Jason Haar wrote:
I'm having marvelous luck with FuzzyOCR - but the spammers are learning too.

When I first started using it just a couple of months ago, it really
whacked the image-based spam. You could see why when "gocr file.gif"
returned nice text that was easy to match against.

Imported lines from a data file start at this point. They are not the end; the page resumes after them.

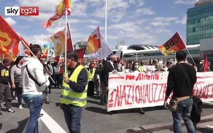 Alitalia, manifestazione dei lavoratori all'aeroporto di Fiumicino Lazio Circa 500 lavoratori della compagnia e del trasporto aereo hanno dato vita a un corteo e... 23 apr - 18:15
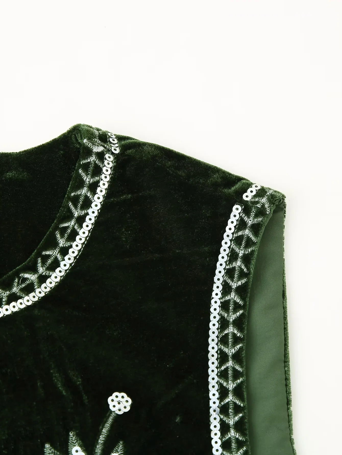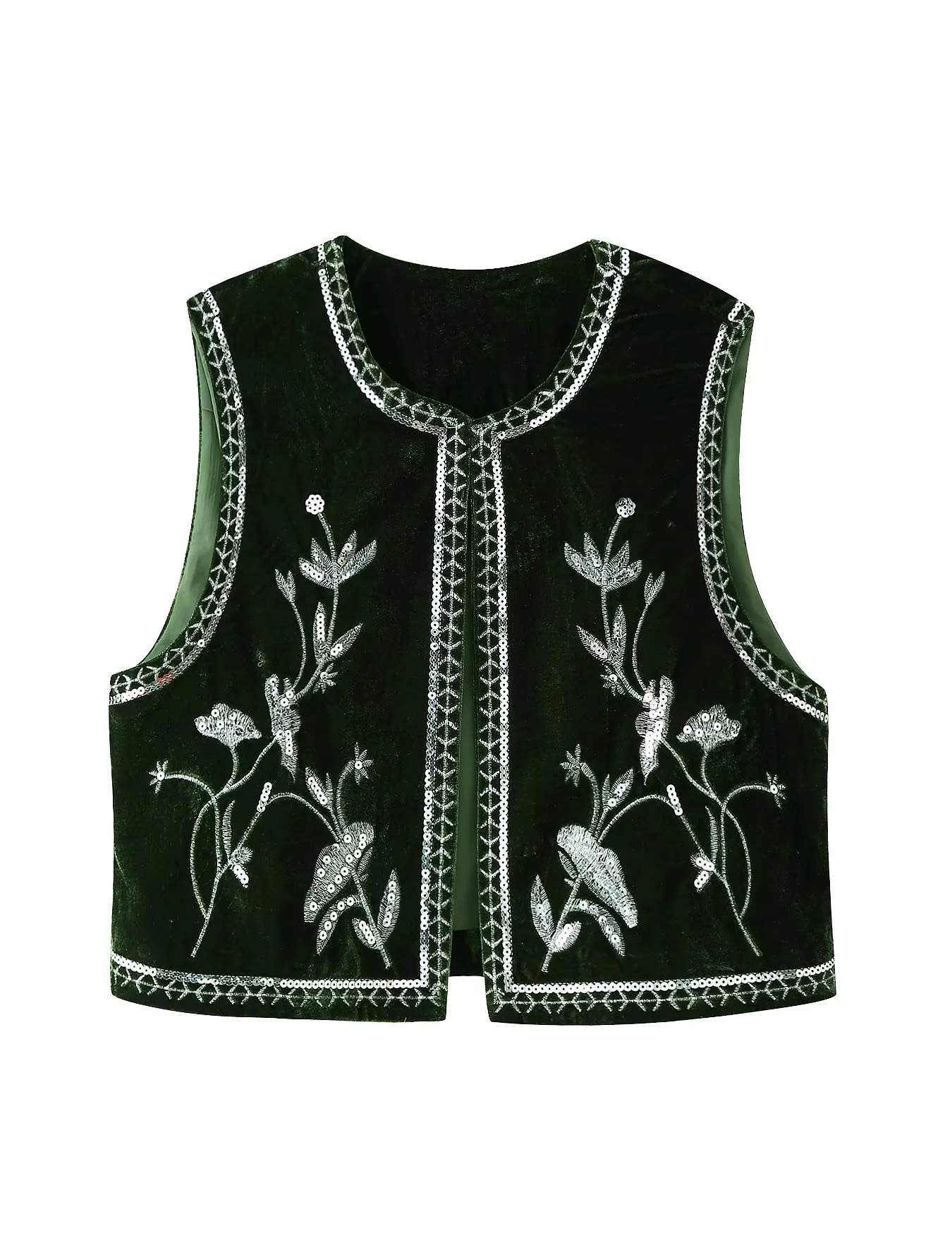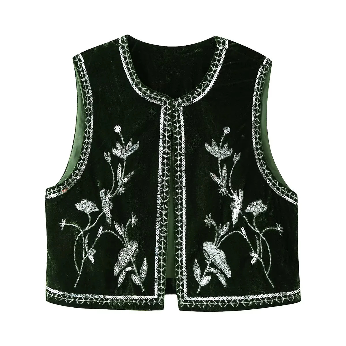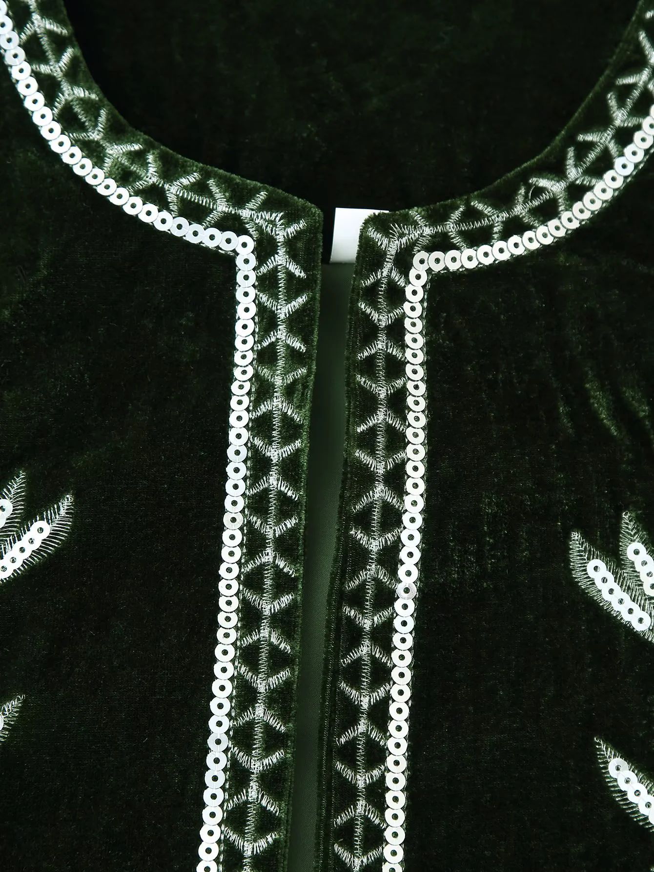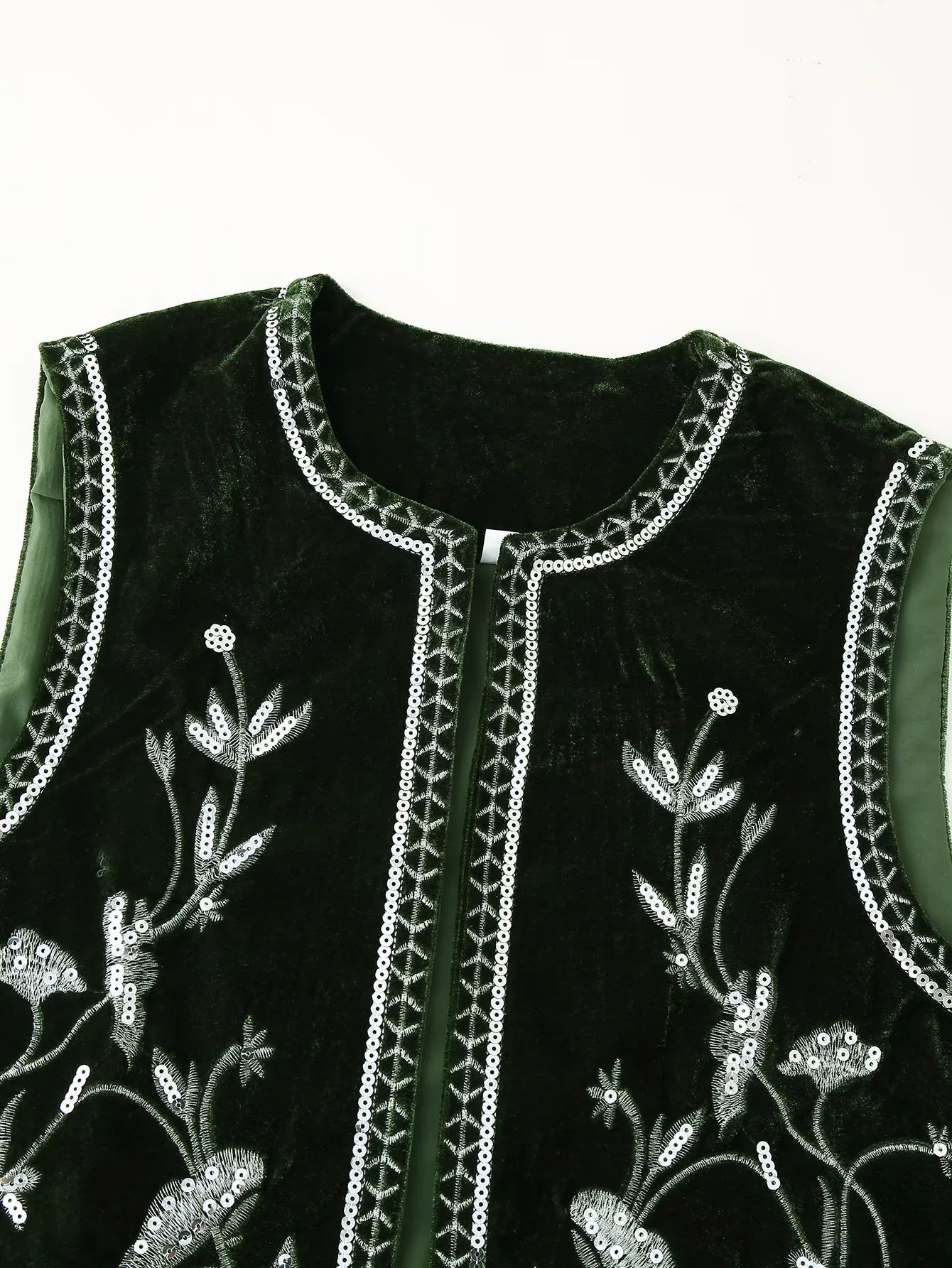 2025 봄, 가을 벨벳 스팽글 자수 민소매 카디건 조끼 크로스 보더 아마존 여성 스팽글 자켓스토어 가기
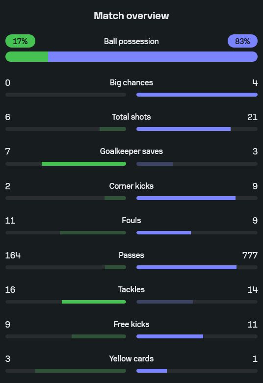 - ยิงทั้งหมด: เจ้าบ้าน 6 ครั้ง – ทีมเยือน 21 ครั้ง
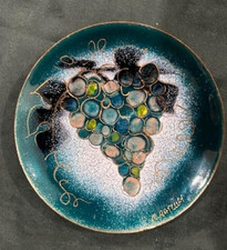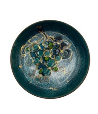 Vtg mid-century enamel copper bowl featuring grape cluster design by M. Ratcliff

However, now is a different matter. I just got a "lose weight" spam 10
minutes ago that gocr returns as:

      lI__c_tc)r _rc_hc_rihc_Ll _cnLl .h1c_Llic_;cll_ _u__c_c __ihc LI
              l c htc)hlc_rc)c_c_ B llr_ll l hc r_cp_


        _ t4____ __cc_'un ic) __'ri_c _ hH3s, t_k   _ ,r o_E,y _h K E,_
        _ ,_ics r _ sncu)._r. t.ihk). lhirkrr x_))  '   gg __, r
        _ Krvc)_H t)r r_irk cct .__             _
                             O _' Y O ___ TE_ E
         _Lncl nLnn __ mc)R hnrtb

That tells me to go to "www.realhgh" dot org , but their GIF processing
munged it enough to slip by gocr

Not much FuzzyOCR can do with that :-(

A few days ago, someone provided me with an image that returned garbage when using plain 'gocr <file>'. The trick to better detection is to adjust gocr's -l parameter to get better contrast (and better results). By looping 0...255 you will find a setting which will give you good results for this type of image, and if you start getting a lot of these images, adding another scanset will not add too many cpu cycles to your scan. This new setting will almost certainly give you better results with other images too, so unless you have a really overloaded system, adding another scanset will not 'break the bank'.